# Recursion Problems with trees (* know for exam)

- *Insert a new node into a BST tree (O(lg n) in a balanced tree, O(n) in an unbalanced)
- *Search a tree for a value (O(lg n) in a balanced tree, O(n) in an unbalanced)
- *Inorder traversal of a BST tree with printout in numerical order
- *Preorder and postorder traversals.
- *Delete a node from the tree.
- Convert a tree to it mirror(the children of every node are swapped)
- *Return the Height of a tree.
- *Return the depth of a specific node in the tree. ie(distance from root, root has a depth of 0)
- *Return the sum of the node values in a tree.
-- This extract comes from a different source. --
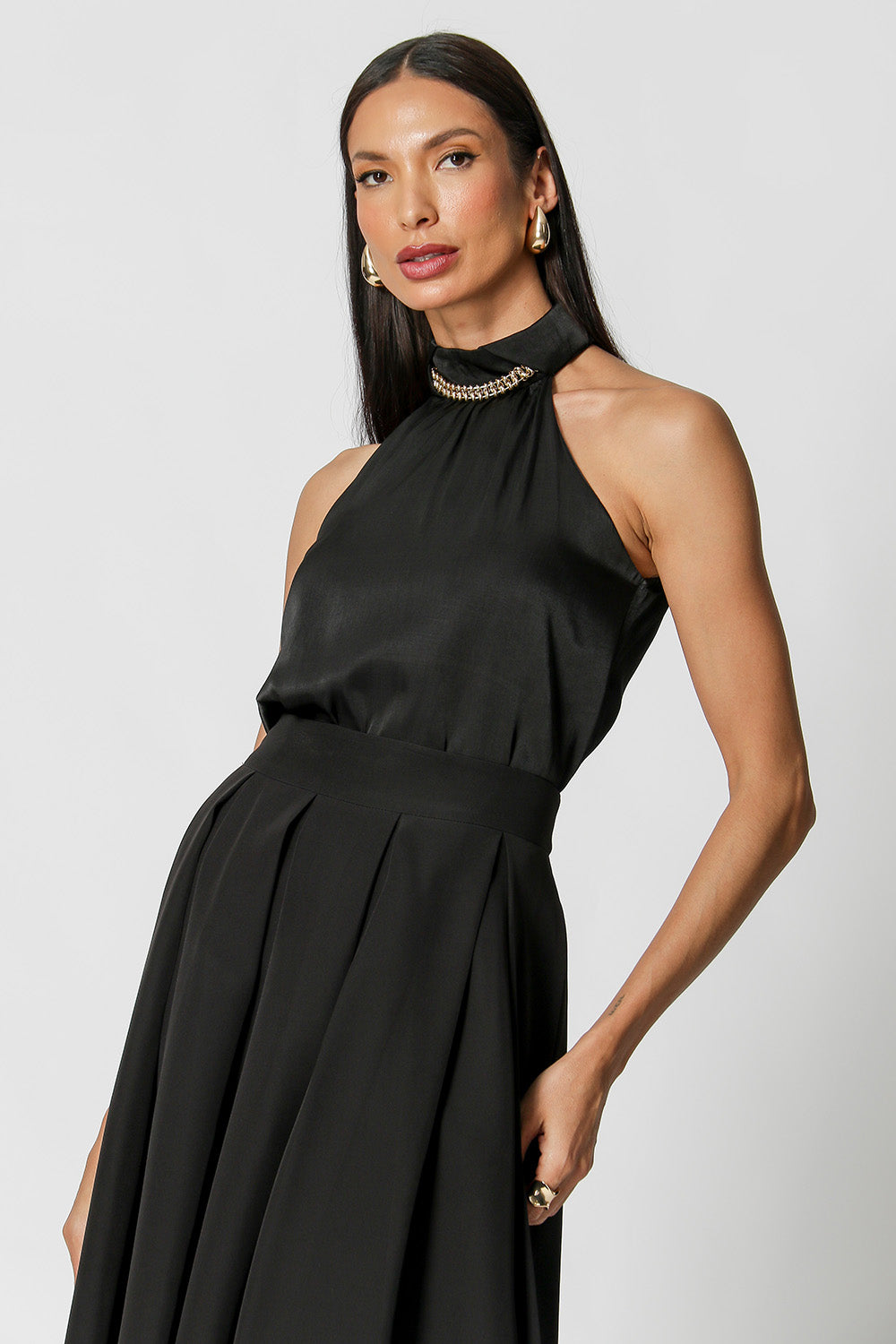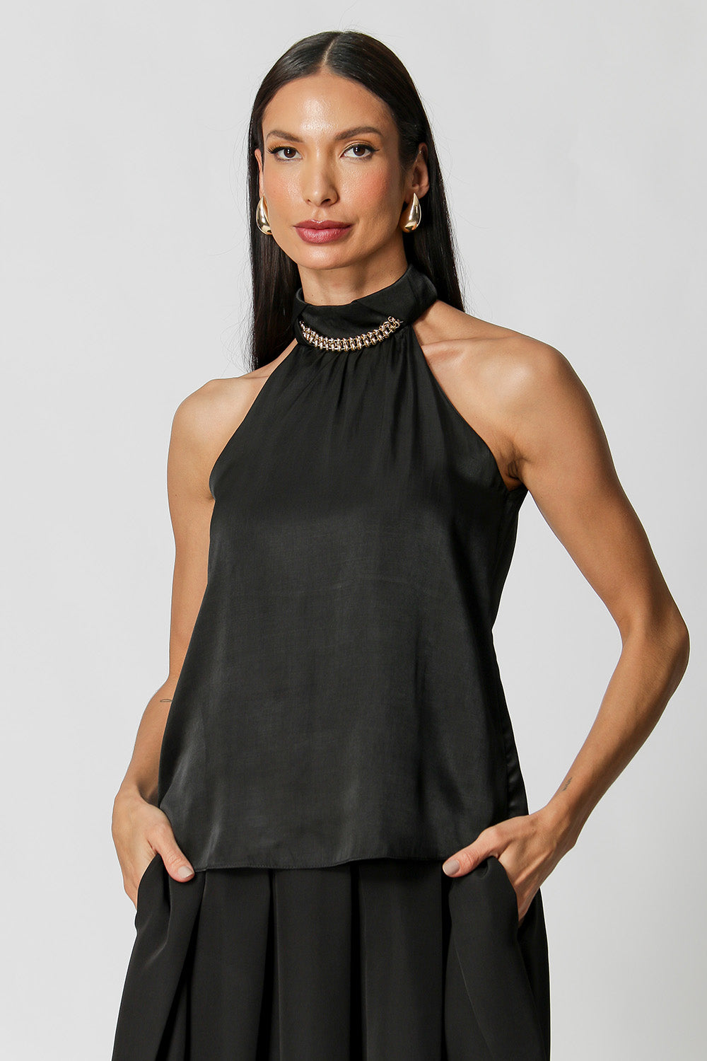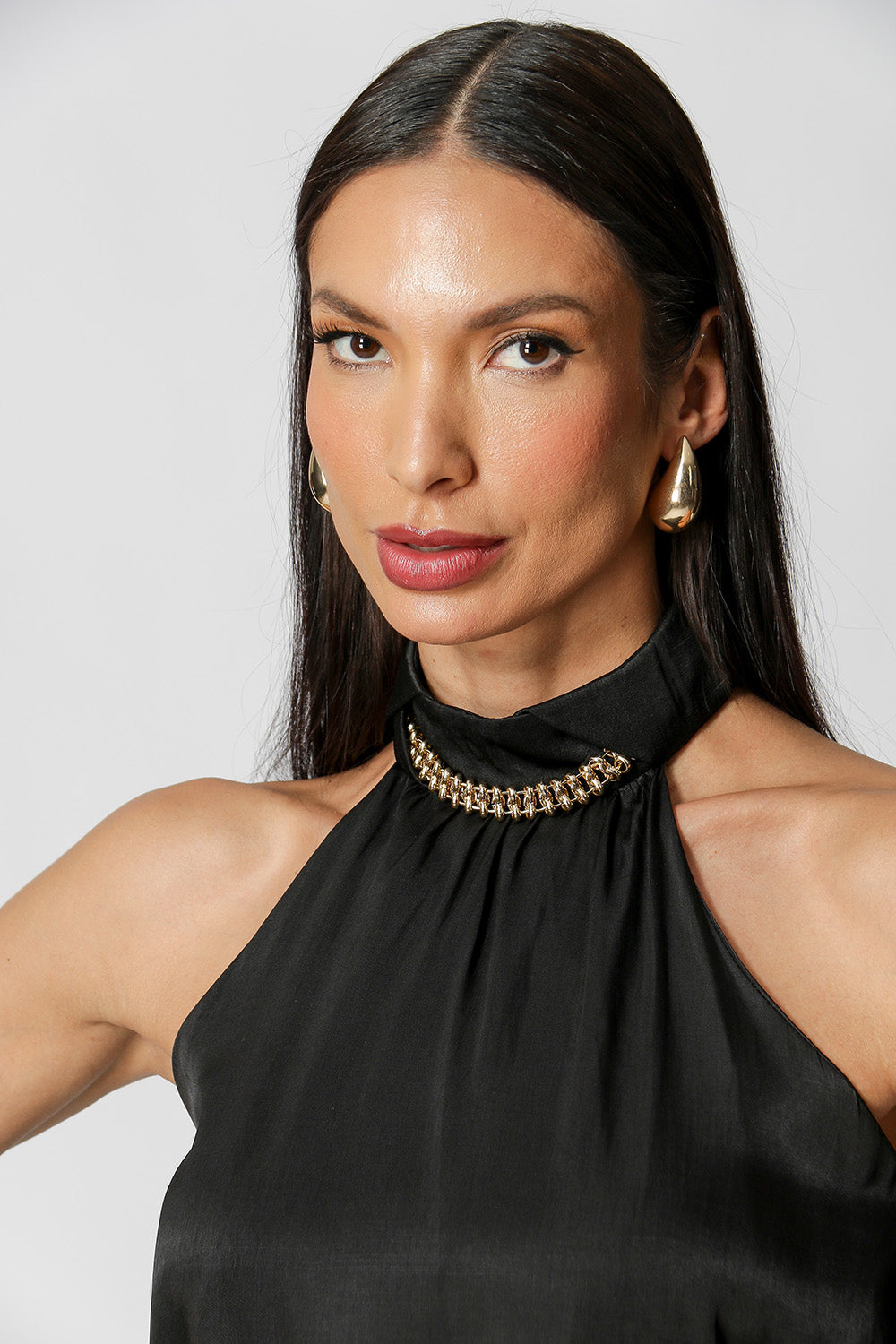 Blusa de satén con cadena, modelo con información de moda, opción ideal para quienes buscan un look elegante para la noche.

- *Return the number of nodes in a tree.
- *Return the number of leaves in a tree.
- Return the IPL of a BST tree. Don’t use a global variable here! The internal path length is a nice measure of how well balanced a tree is. If you create a tree using random numbers the expected ipl will be 1.386*TREESIZE*log
_{2}(TREESIZE) – 2.846*TREESIZE. What is the minimum and maximum IPL of a tree of N nodes?
- *Augment the nodes in a tree with a size variable. Write a recursive method that fills the size variable with the number of nodes in the subtree determined by that node.
- (assume size variable is filled) Return the rank(k) of a node. # number of values in a tree strictly less than k. Do in O(lg n) .
- (assume size variable is filled) Return the range(k1,k2) # number of values in tree so that k1 <= value < k2. Do in O(lg n)
- Write bool isBST(). returns true if a BST and false otherwise.
- Augment the nodes in a tree with a sumToRoot int variable. Fill in this variable for the tree. Also implement insert(val) and delete(val) for this tree so that the sumToRoot variables are appropriately updated.
- Balance a tree from scratch. See DSW algorithm.
- Merge two BST trees.
- Create a sorted linked list containing the leaves of a BST.
- Convert BST tree to ordered doubly linked list(a very cool problem that takes some thinking)
- Find the LCA of two nodes in the BST. LCA is the lowest common ancestor.